I think "convention over configuration" is a good operating principle here.
Supporting flexibility in directory layouts would be a misfeature.

Complicated build code is technical debt and a barrier to contribution.  It is
often appropriate to take on some debt when evolving a codebase quickly and
when final solutions are not clear, but hopefully we can pay down that debt
eventually.

> It's probably a good idea to move the test code into a separate directory
> regardless of the issue above. Marvin suggested to name it "test". The only
> problem I can see is that this directory must be moved into the host
> language subdirectory when bundling host language distributions like CPAN
> tarballs. "test" is a pretty generic name that might cause clashes, but the
> same is true for "core".

That's a solvable problem: we just rename such dirs when moving them to the
host language distro.  Then we can find the dirs using logic like this:

    my $CFCORE = -d "cfcore" ? "cfcore" : "../core";
    my $CFTEST = -d "cftest" ? "cftest" : "../test";

Marvin Humphrey

Re: [lucy-dev] Separate binaries for test suites

Posted by Nick Wellnhofer <we...@aevum.de>.
On 01/06/2016 17:04, Nick Wellnhofer wrote:
> On 26/05/2016 04:12, Marvin Humphrey wrote:
>> With Python distutils as with Perl's Module::Build, it is at least
>> theoretically possible to provide a list of object files to be linked into the
>> host extension.
>
> I'm leaning towards the "list of object files" approach for the Perl bindings.
> Unless static libraries are really used as intended, they seem to create more
> problems than they solve.

I submitted a new pull request the makes the Perl bindings use "make" to build 
the core object files.

Some open questions:

Do we want the tests in a separate binary, or do we want a second binary 
containing both core and test code? The latter allows to integrate the test 
code more tightly, the former requires to make some test-only symbols visible. 
An advanced solution would even allow both approaches.

Currently, we pass parcel privacy defines like CFP_CFISH as command-line 
arguments to the compiler. If we start to build separate binaries, this 
requires to put the test code in a separate directory and use special Makefile 
rules that add some per-directory flags. I think this can be done in a 
cross-platform way but it's a little complicated. Another approach is to move 
the #defines directly into the source files. This is more flexible with regard 
to directory layout, but less flexible when changing configurations. Different 
host languages might even need different settings.

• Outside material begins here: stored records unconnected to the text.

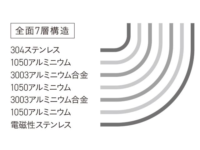 | 材質 | ステンレス鋼、電磁性特殊ステンレス鋼、アルミニウム、アルミニウム合金の全面7層構造 |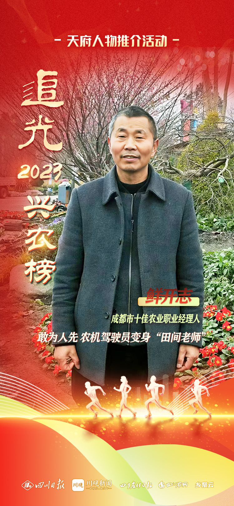 鲜开志,从事农机作业服务、农机推广和新机具实验示范,2015年被评为高级职业经理人,2023年被评为成都市十佳农业职业经理人。其带头成立的成都市温江区开志农机服务专业合作社(以下简称农机合作社)先后被评为“全国农机合作示范社”“四川省级示范社”。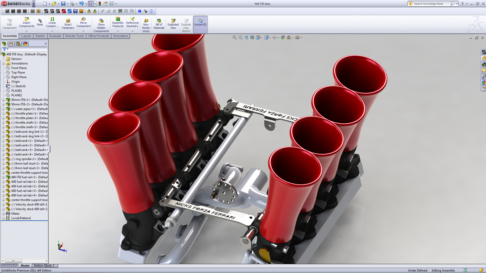 Tuned intake plenum would be fun but a real chore with separate banks, end up looking like the F360 or any of the modern ones with shared plenum valving. For this one Nick wants some flash and ITB's with tuned velocity stacks scratch that itch for him. These ITB's are from the BMW M6 V10, fancy units that are perfect for these projects. cast stainless bellcranks, nichrome springs, needle roller sealed bearings for the shafts, etc.. 50mm bore with a 25* sweep transition to an oval that's just about the perfect size.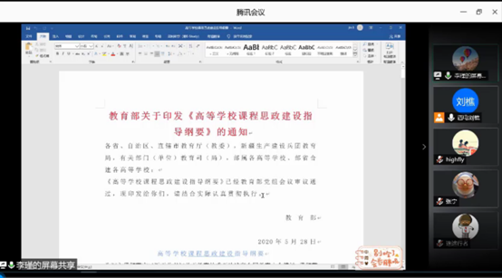 (通讯员 李瑾)为落实教育部《高等公司课程思政建设指导纲要》,全面推进高校课程思政建设,探索思政课教师与专业课教师合作教学教研的有效方式,意昂2基础教研室支部与网信院信安系教师支部开展基层支部共建工作。7月9日下午三点,举行了支部共建的第二次主题活动,会议由信安系教师支部副书记刘樵主持,22位教师列席会议。会议在线上召开。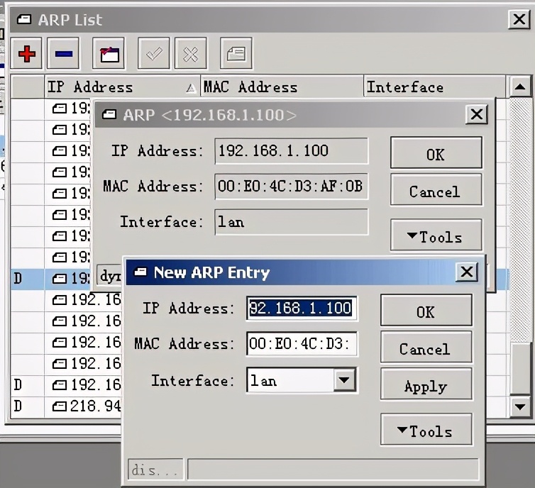 4、IP arp(这里是网卡mac地址与ip地址绑定,我是绑定了),具体操作,双击前面带D(代表未arp绑定)的IP地址,点tools选择copy,点OK,哈哈,前面的D就没啦,恭喜你绑定成功。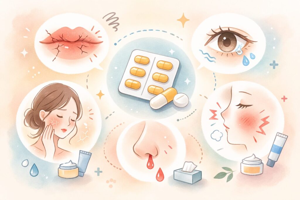 | 乾燥 | 肌や唇の乾燥・皮むけ、鼻の粘膜の乾燥、鼻血、目の乾き・まぶしさ |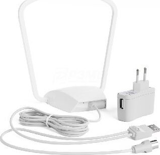 Антенна комнатная, цифровая активная, для приема телевизионных трансляций в диапазоне ДМВ в цифровых DVB-T/DVB-T2 и аналоговом стандартах, коэффициент усиления, макс., дБи, 21-69 канал: 33, имеет малошумящий усилитель с авто регулировкой усиления и фильтр от помех базовых станций сотовой связи.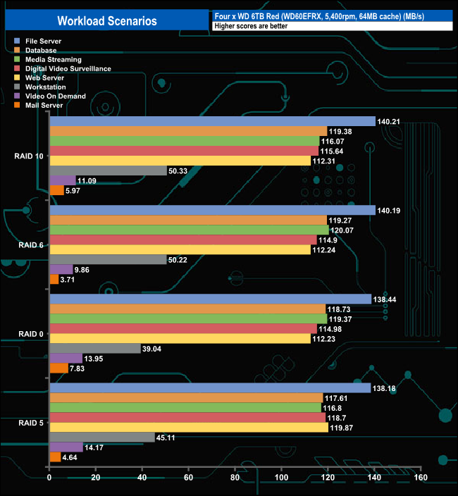 We also tested the NAS in a few scenarios it might be used for in an office environment. It produced average bandwidth speeds of 139.25MB/s and 114.164MB/s for the File Server and Web Server tests respectively, 34.92MB/s for the Workstation test and 118.74MB/s when tested with the Database trace.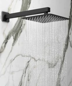 Arezzo Matt Black 200 x 200mm Square Shower Head with Wall Mounted Arm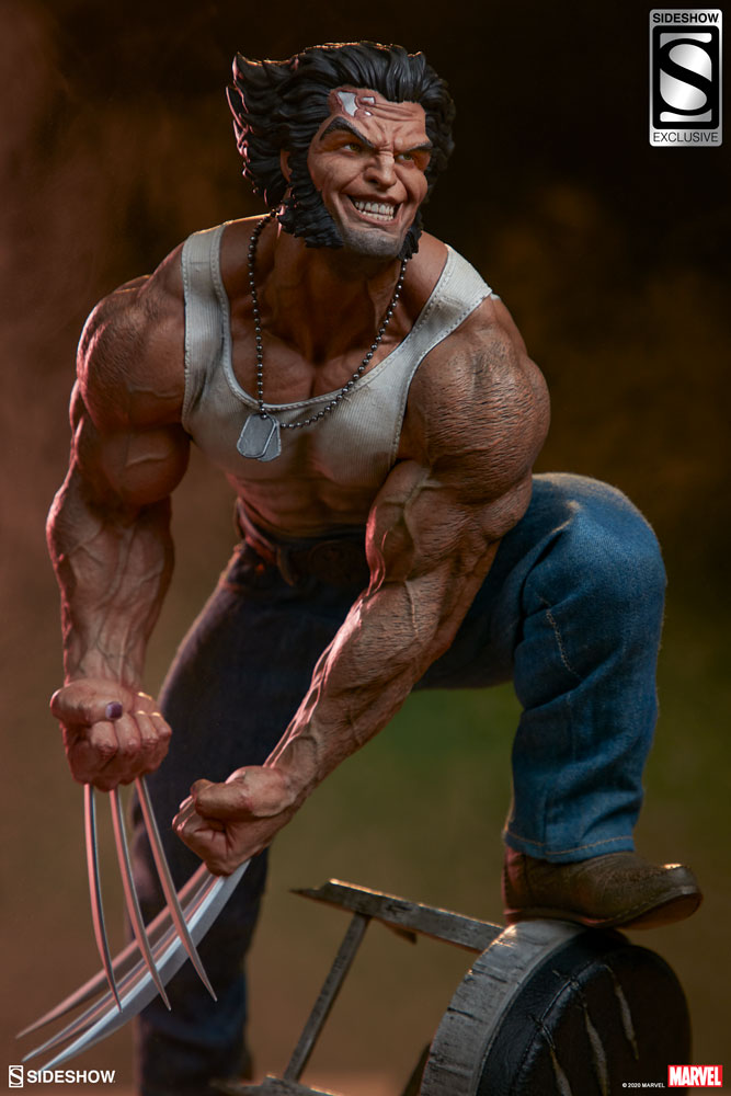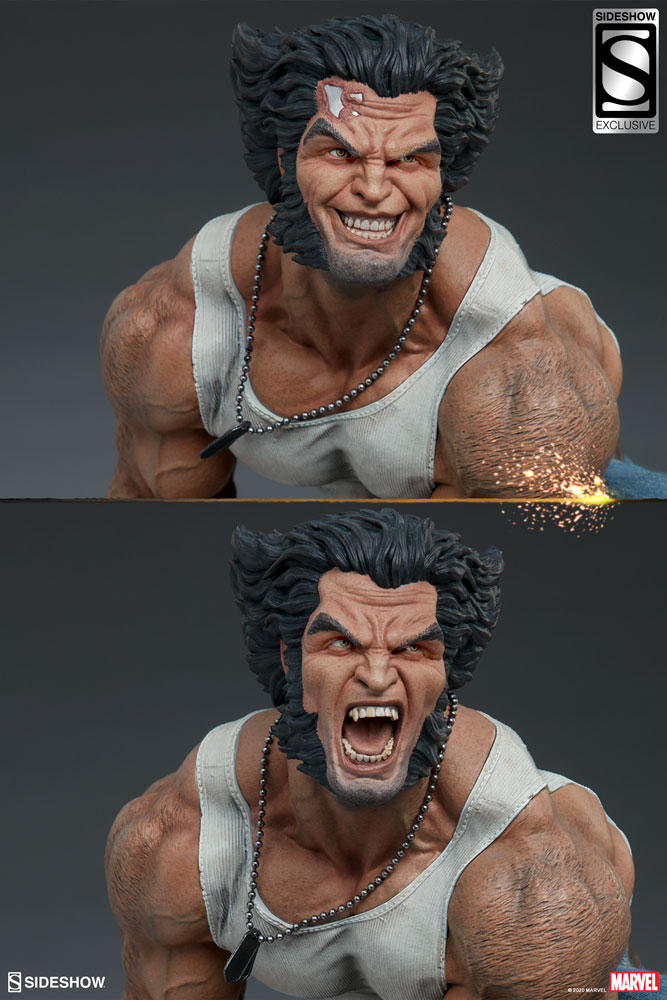 The Exclusive Edition of the Logan Premium Format™ Figure includes an alternate battle damage portrait exposing Wolverine’s adamantium skull as he smirks at some sorry sucker fixing for a fight.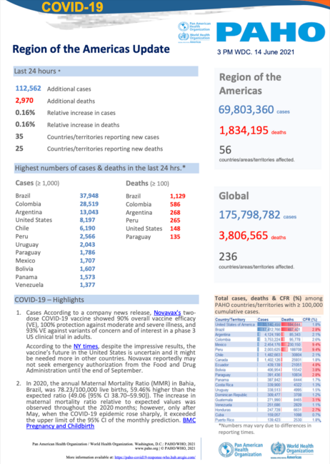 PAHO Daily COVID-19 Update: 14 June, 2021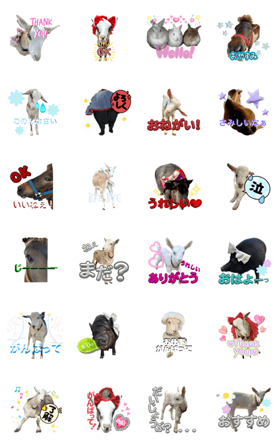 ヤギのチロリを中心にした挨拶スタンプです。ヤギ、ブタ、馬、うさぎとたくさんの動物が登場します。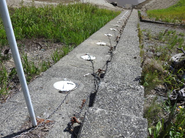 本町築堤を挟んで渡船場跡のちょうど反対側の堤内地。昨年からかなり大きな石が多数積み上げられているのに気づいてはいたが,まともに撮った写真はない。今年4/30見ると,どうやら去年のうちにすでにいくらか石垣が積み上げられている様子(去年は2度ほど講習会が行われたらしい)。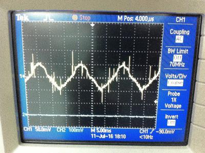 Для снятия осциллограмм подключил датчика тока ACS758 к одной из фаз, и с него на осциллограф.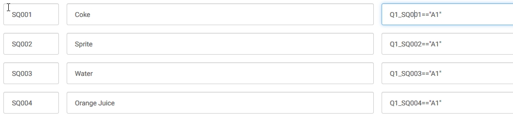 {if(Q1_SQ001 == "A1", Q1_SQ001.shown, )} {if(Q1_SQ001 == "A1", Q1_SQ002.shown, )} {if(Q1_SQ001 == "A1", Q1_SQ003.shown, )}

It's probably a good idea to move the test code into a separate directory 
regardless of the issue above. Marvin suggested to name it "test". The only 
problem I can see is that this directory must be moved into the host language 
subdirectory when bundling host language distributions like CPAN tarballs. 
"test" is a pretty generic name that might cause clashes, but the same is true 
for "core".

Nick